Byte characters, rune characters, and string characters are all described in this chapter. (Characters and strings in Java are essentially the same, but before Java9 String used char[] arrays to store strings and after Java9 byte[] arrays to store strings)

Bool Indicates the Boolean type

This is the simplest data type that has only two fixed values, the keywords true and false. The default is false.

// Boolean variables
t := true
f := false
fmt.Println(t)
fmt.Println(f)
/* Output: true false */

// Create a variable and assign 0
var a int32 = 0

// if the condition is not fixed, t=false
t = a == 1
// if true, f=true
f = a == 0
fmt.Println(t)
fmt.Println(f)
/* Output: false true */
Copy the code

If a is equal to 1, the two equals signs are equal to each other. A is equal to 1, an equal sign, is an assignment, as we said before; ! Exclamation mark, that’s the opposite, 0! = 1 means that 0 is not equal to 1, so this condition is true, so this condition is true; I’m just going to talk a little bit about these symbols, and I’m going to talk about them in more detail, but you just need to know how to use them.

Bool values are fixed true and false, and we assign values true if true (1 == 1) and false if false (0 > 1).

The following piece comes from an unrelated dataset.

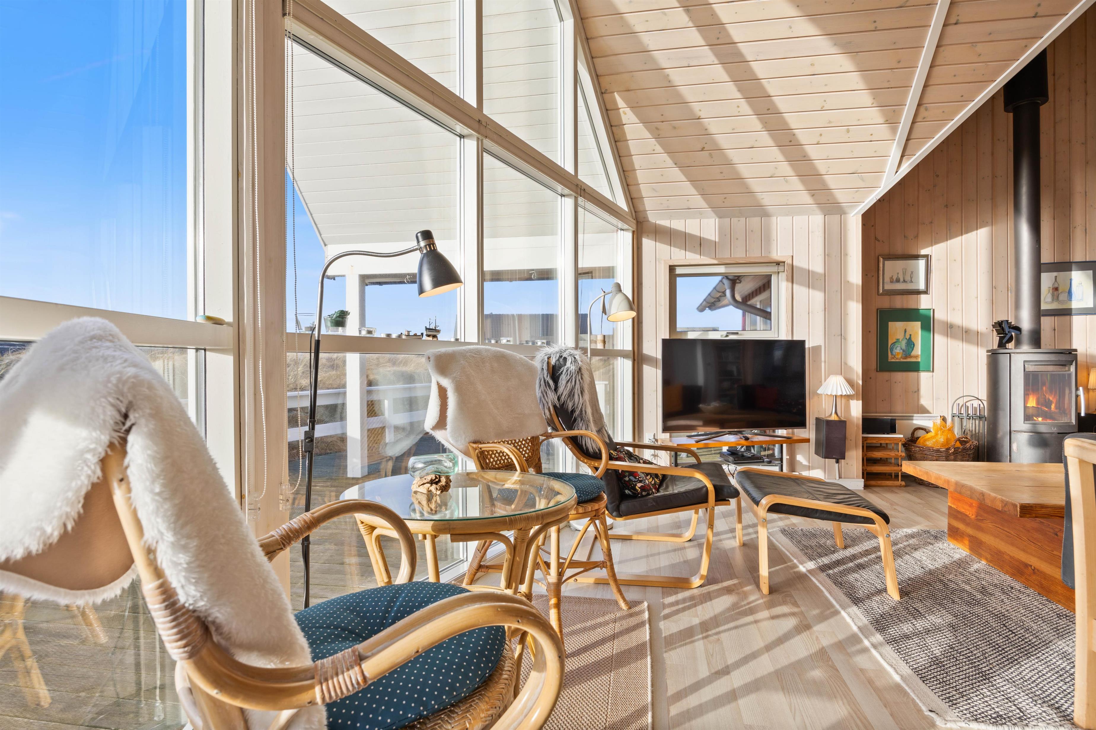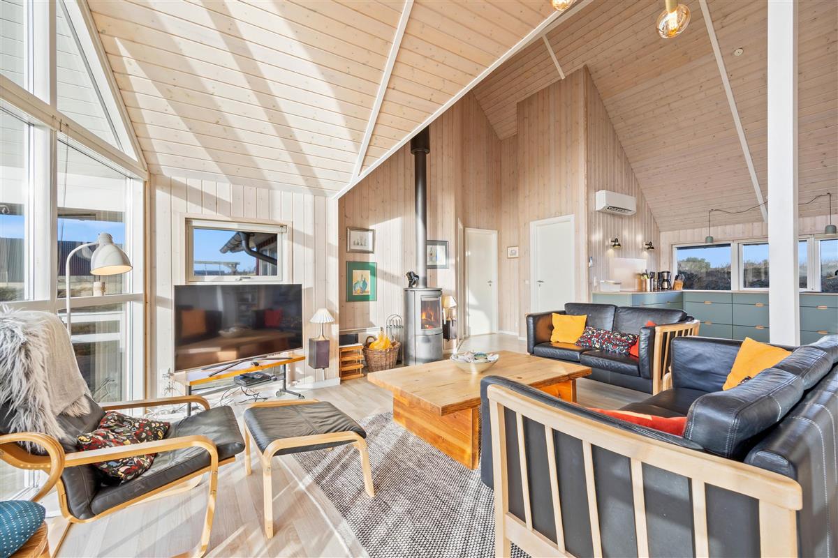 Relax and recharge in this truly beautiful holiday home, perfectly situated for those who love West Jutland's rugged nature and seek tranquillity. To the south of the holiday home lie extensive heathlands, while a short walk westward brings you to the beach and the thundering North Sea. The living room opens onto a large wooden terrace where you can spend many hours in the sun.
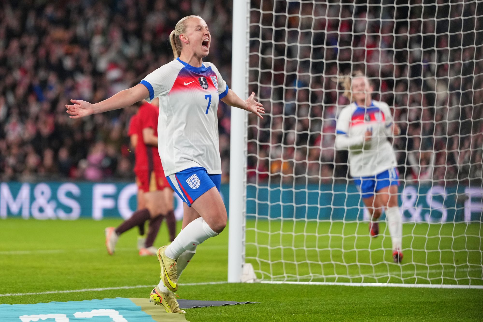 Sarina Wiegman’s team were rampant from the start and scored three goals in just four first-half minutes as Mead netted a quickfire brace and Hemp then made it three. Stanway scored twice before the interval and then completed her hat-trick after the break, as Toone and Russo got in on the act against the Asian champions.

So, in memory, false(0000 0000) and true (0000 0001) are false(0000 0000) and true (0000 0001). While their binary numbers correspond to our decimal numbers of 0 and 1, our bool only converts true and false, and restricts us from using integers to compare bool (t == 0 raises an error). So our bool type is different from other languages and cannot be directly compared with a numeric bool (true == 1 is allowed in the Java language).

Bool type:

  • Storage uses 1 byte to store fixed values 0 and 1
  • The value is fixed to true(1) and false(0), although the actual values stored by bool are 0 and 1, they cannot be compared to bool

Now that we’re done with basic data types, the next chapter begins with content arrays.